The exact value depends on the formulation of the resin. At increasing frequency (from 1 to 13.56 MHz), relative dielectric constant drops a bit, just a guess, think of about 5%. If the dielectric constant is really that important for you, you need to consult your supplier and make sure you get same material every time.
The drop-off rate changes for various materials, but you can sometimes find charts with that information.
Take a look at the chart on page 3: www.speedingedge.com/PDF-Files/tutorial.pdf
Most of the FR-4 you get at PCB houses is around 4.2-4.9, due to variations in FR-4 and resin percentage and composition. Start with 4.7 and make your design from there. If this is just a class project, don't get too wound up about Er accuracy... you're probably not going to spend days and days running 3D EM analysis to perfect your design for a mass-market environment. Pick a reasonable value and run with it.

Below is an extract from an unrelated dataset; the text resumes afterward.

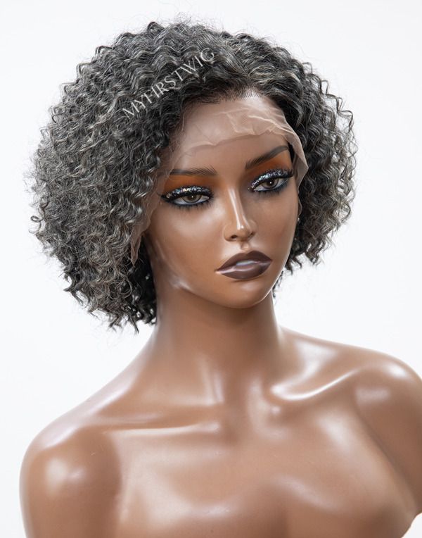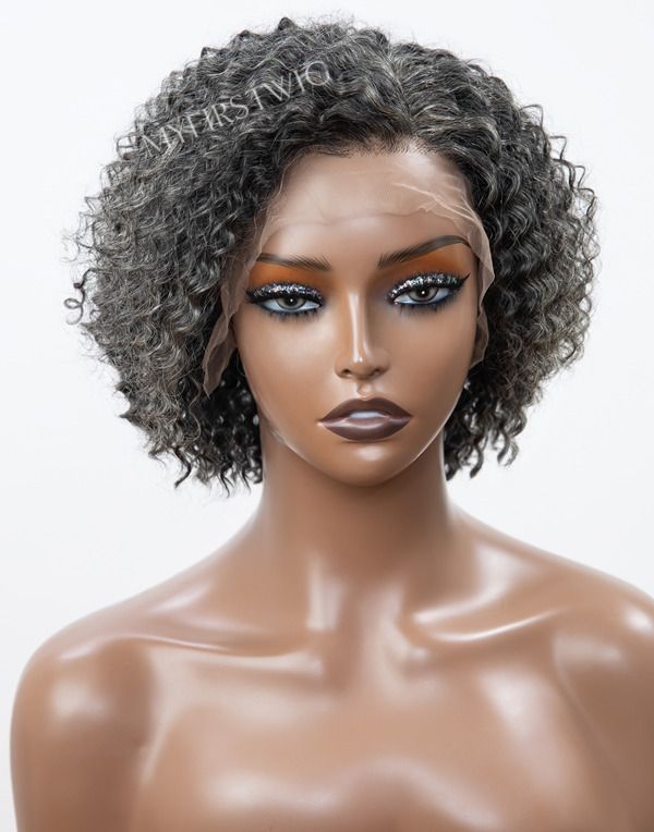 Touchedbyaye - Salt And Pepper Grey Short Curly Lace Front Wig - TBA029

These 13MHz "antennas" on PCB are more or less inductors, with inductive near field coupling. They are designed/calculated like other printed regular inductors, and the dielectric constant of the PCB has little effect. If you don't trust this statement, you can verify this by full EM simulation.
Yes. At best, it plays a minor role when tuning the resonant circuit. Capacitor tolerance contribution will be most likely higher. 13.56 MHz Er is effectively equal to 1 MHz value. As said generic FR-4 specifications are rather loose. Critical RF applications (at higher frequencies than 13.56 MHz) are prescribing a more tightly specified substrate or adjusting the design for empirical determined substrate parameters.

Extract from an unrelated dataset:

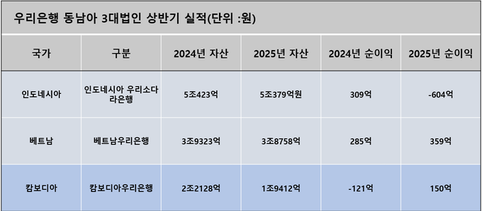 지난해 적자였던 캄보디아 우리은행이 흑자전환에 성공하며 실적 회복 기대감을 높이고 있다. 올 상반기 순이익은 150억원을 기록했다. 동남아 3대 법인으로 꼽히는 인도네시아·베트남에 비해 순이익 기여도는 아직 낮지만 광범위한 영업망을 바탕으로 현지 시장 공략에 속도를 내고 있다. 자산 규모가 상대적으로 작은 만큼 성장 여력도 그만큼 크다는 평가다.
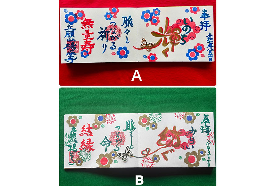 デザインは、赤・青・金の3色が使用された「A〜いのち輝く脈々と繋がる御朱印~」と、緑・金・赤・青の4色で彩られた「B~未来を紡ぐ御朱印~」の2種類(各2500円)。いずれも、花がちりばめられた愛らしいデザインとなっている。

Most 13.56 MHz RFID antenna designs have the E-field between the turns mostly in air. In that case influence of dielectric is less then capacitor tolerance, so I agree with FVM.
I saw some designs where both upper and bottom layer have turns facing each other. In that case change in dielectric constant may detune narrow band antennas (low data rate) too much. So best is to post your proposed geometry, or do some simulation and play with er to find the effect on center frequency.